Il y a « dans l’air une charge assez forte et une situation très spéciale », constate le ministre, qui pense aussi que « la neutralité de la Suisse démontre ici son utilité ». La veille, il avait fait le point avec son homologue sud-coréen sur la menace de Pyongyang, qui annonce le prochain lancement d’une fusée porteuse d’un satellite à usage prétendument civil, mais dont personne n’est dupe. « La Corée du sud est un peu nerveuse, c’est une situation qui est délicate », reconnaît Didier Burkhalter, qui répète que l’instabilité régionale justifie l’aide de la Suisse. « Pour le moment, c’est toujours nécessaire. »
L’engagement suisse, pourtant, se limite à bien peu: 5 officiers à croix blanche, rien de plus. « La mission est principalement symbolique », concède le divisionnaire Urs Gerber, commandant du contingent suisse de la CSNN (Commission de supervision des nations neutres en Corée). « Mais aussi longtemps qu’on nous le demande, on reste! » Cela semble particulièrement nécessaire en cette période de nouvelles crispations. Pour Didier Burkhalter, c’est clair: la Suisse « est responsable – comme d’autres – de faire en sorte que notre monde s’améliore. »

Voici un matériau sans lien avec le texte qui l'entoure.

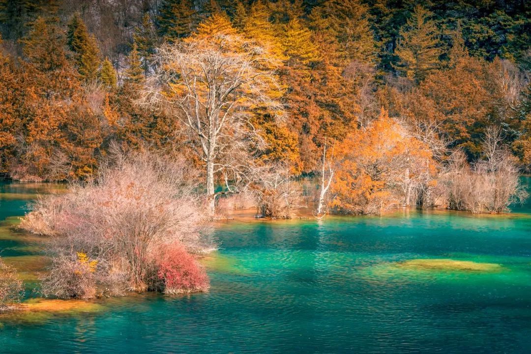 10월은 오화해가 가장 예쁠 때로 이 계절에는 호수가 맑아 바닥이 보이고, 해안가에 일곱 가지 색깔을 띠는 나뭇잎이 수중 그림자와 뒤엉켜 알른거려서 눈이 어지럽다.

Un morceau du massif du Mont Rose a été acheminé vers Yeosu, pour prendre place dans le pavillon suisse à l’exposition internationale qui ouvre le 12 mai. Sous le titre «La source est dans votre main», le pavillon suisse propose aux visiteurs un voyage au coeur des montagnes helvétiques. Il présentera le château d’eau de l’Europe que constitue la Suisse. Le clou du pavillon sera une carotte glacière vieille de plus de 4000 ans.
Berne a réagi face aux menaces nord-coréennes de lancement d’une fusée porteuse d’un satellite prétendument civil. L’ambassadeur de Corée du Nord en Suisse a été cité, l’ambassadeur de Suisse en Chine et en Corée du Nord ne participera pas aux festivités du 15 avril (pour le 100ème anniversaire de la naissance de Kim Il-sung), en marge desquelles le lancement est prévu.
Didier Burkhalter regrette et condamne une annonce qu’il considère comme une « véritable provocation », par ailleurs « contraire aux résolutions de l’ONU ».
1962: Berne et Séoul établissent des relations.
2006: Signature d’un accord de libre-échange entre l’Association européenne de libre-échange et la République de Corée.
2010: les exportations suisses ont atteint 2271,61 millions de francs. Les importations atteignent 439,54 millions.
La colonie suisse compte 223 personnes.
1974, Berne et Pyongyang nouent des relations diplomatiques.
1995: début de l’engagement de la Coopération suisse au développement dans le cadre de la famine. Un bureau de coordination a été ouvert en 1997 à Pyongyang où il emploie 3 Suisses et 5 Nord-Coréens. 2003, la Suisse et la Corée du Nord entament un dialogue politique, qui se tient une fois par an, alternativement à Berne et à Pyongyang.
La colonie suisse compte 8 personnes.